··· Material provided
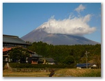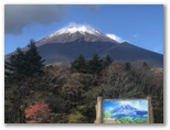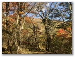 30分ほど降って、雨が上がりました。たちまち青空が戻り、木々が輝き始めます。こんなとき、脳内を流れるのは交響曲「田園」の第五楽章。紅葉・黄葉を愛でながら、軽快に足が進みます。付近に誰もいないのをいいことに、「晩秋の頃」を口ずさみました。♪茜や、金色、落ち葉の道...♪ そして最後にトラロープをまたいで、車道に飛び出しました。水ヶ塚は左方向です。ここで、うれしや、富士山の勇姿! 黒雲は離れつつあり、代わって白い雲が吹き出ていました。
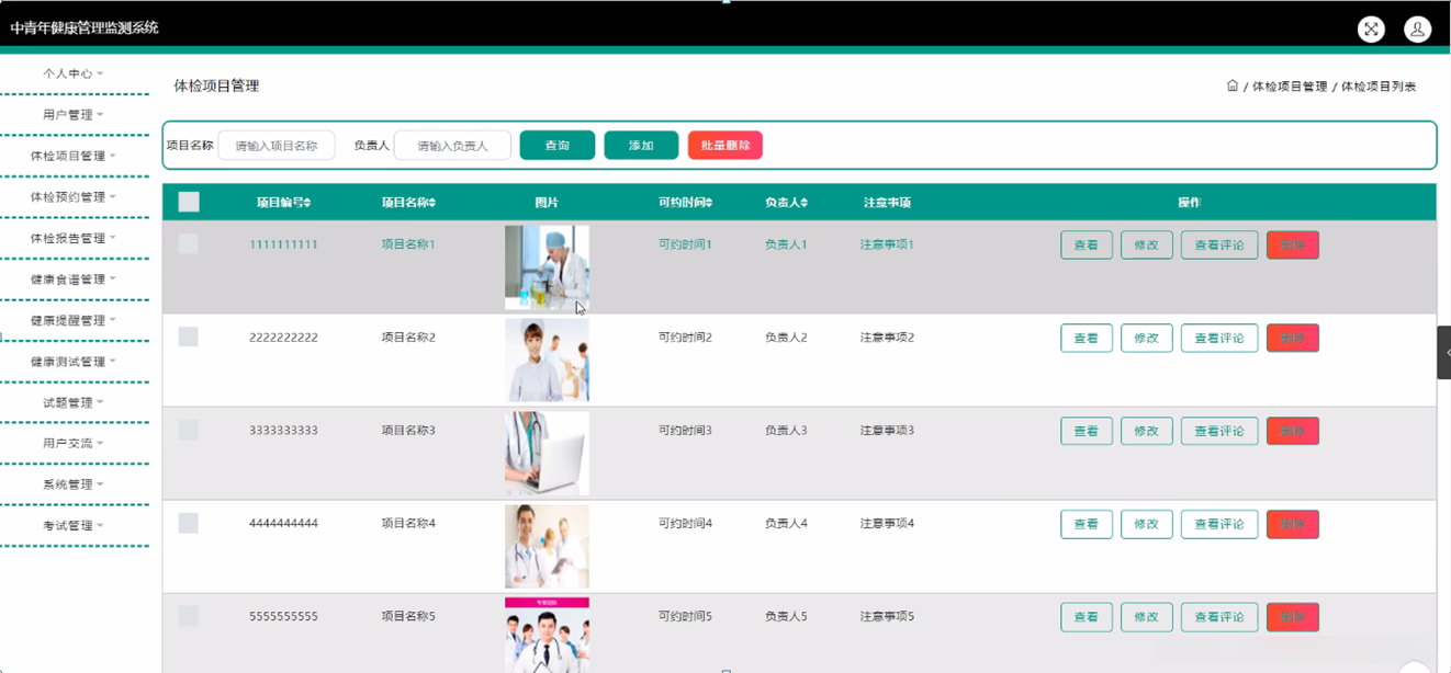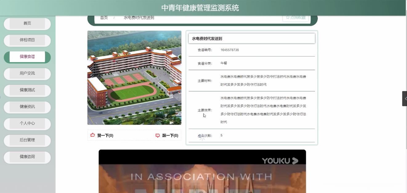 中青年健康管理监测系统的网站,在首页上可以看到各种功能选项。用户可以通过该平台浏览 homepage 信息以及获取详细的内容。检测项目部分提供详细的数据查询服务,在线浏览即可完成操作流程。健康的食谱模块允许用户查找营养建议,在线浏览即可完成操作流程。用户的交流区支持在线讨论与分享观点,在线浏览即可完成操作流程。健康的测试功能帮助评估身体状况,在线浏览即可完成操作流程。健康的资讯部分提供最新的医学知识与健康建议,在线浏览即可完成操作流程。个人中心供用户管理信息与设置选项,在线浏览即可完成操作流程。后台管理后台管理功能用于系统维护与数据更新,在线浏览即可完成操作流程。健康的咨询则提供专业的指导服务,在线浏览即可完成操作流程
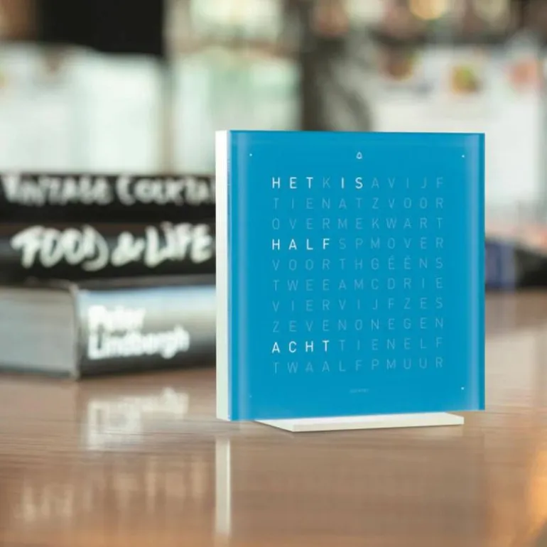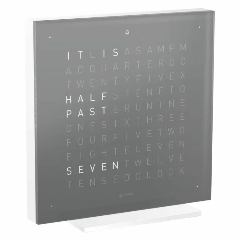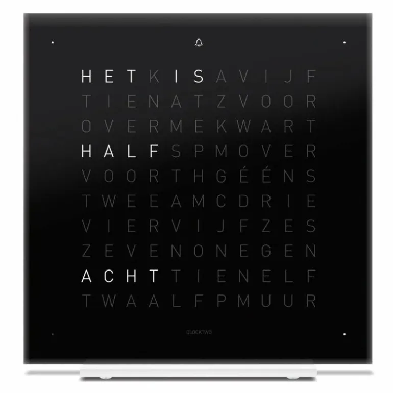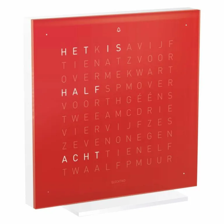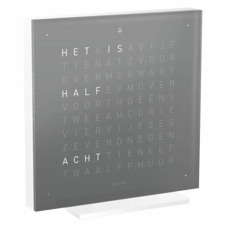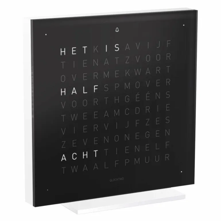 Deze uitvoering met Nederlandse en Engelse frontplaten vervaardigd uit acryl is verkrijgbaar in verschillende kleuren inclusief een wit gekleurde behuizing. Doordat de frontplaten van de tafelklok magnetisch vast zitten aan de behuizing en dus afneembaar zijn, kan de klok naar wens voorzien worden van een front in een andere kleur of taal. r
······
Problem: The listing above must be restated word for word. Its pictures are to be left out.

Solution to this problem:
 30分ほど降って、雨が上がりました。たちまち青空が戻り、木々が輝き始めます。こんなとき、脳内を流れるのは交響曲「田園」の第五楽章。紅葉・黄葉を愛でながら、軽快に足が進みます。付近に誰もいないのをいいことに、「晩秋の頃」を口ずさみました。♪茜や、金色、落ち葉の道...♪ そして最後にトラロープをまたいで、車道に飛び出しました。水ヶ塚は左方向です。ここで、うれしや、富士山の勇姿! 黒雲は離れつつあり、代わって白い雲が吹き出ていました。
 中青年健康管理监测系统的网站,在首页上可以看到各种功能选项。用户可以通过该平台浏览 homepage 信息以及获取详细的内容。检测项目部分提供详细的数据查询服务,在线浏览即可完成操作流程。健康的食谱模块允许用户查找营养建议,在线浏览即可完成操作流程。用户的交流区支持在线讨论与分享观点,在线浏览即可完成操作流程。健康的测试功能帮助评估身体状况,在线浏览即可完成操作流程。健康的资讯部分提供最新的医学知识与健康建议,在线浏览即可完成操作流程。个人中心供用户管理信息与设置选项,在线浏览即可完成操作流程。后台管理后台管理功能用于系统维护与数据更新,在线浏览即可完成操作流程。健康的咨询则提供专业的指导服务,在线浏览即可完成操作流程
 Deze uitvoering met Nederlandse en Engelse frontplaten vervaardigd uit acryl is verkrijgbaar in verschillende kleuren inclusief een wit gekleurde behuizing. Doordat de frontplaten van de tafelklok magnetisch vast zitten aan de behuizing en dus afneembaar zijn, kan de klok naar wens voorzien worden van een front in een andere kleur of taal. r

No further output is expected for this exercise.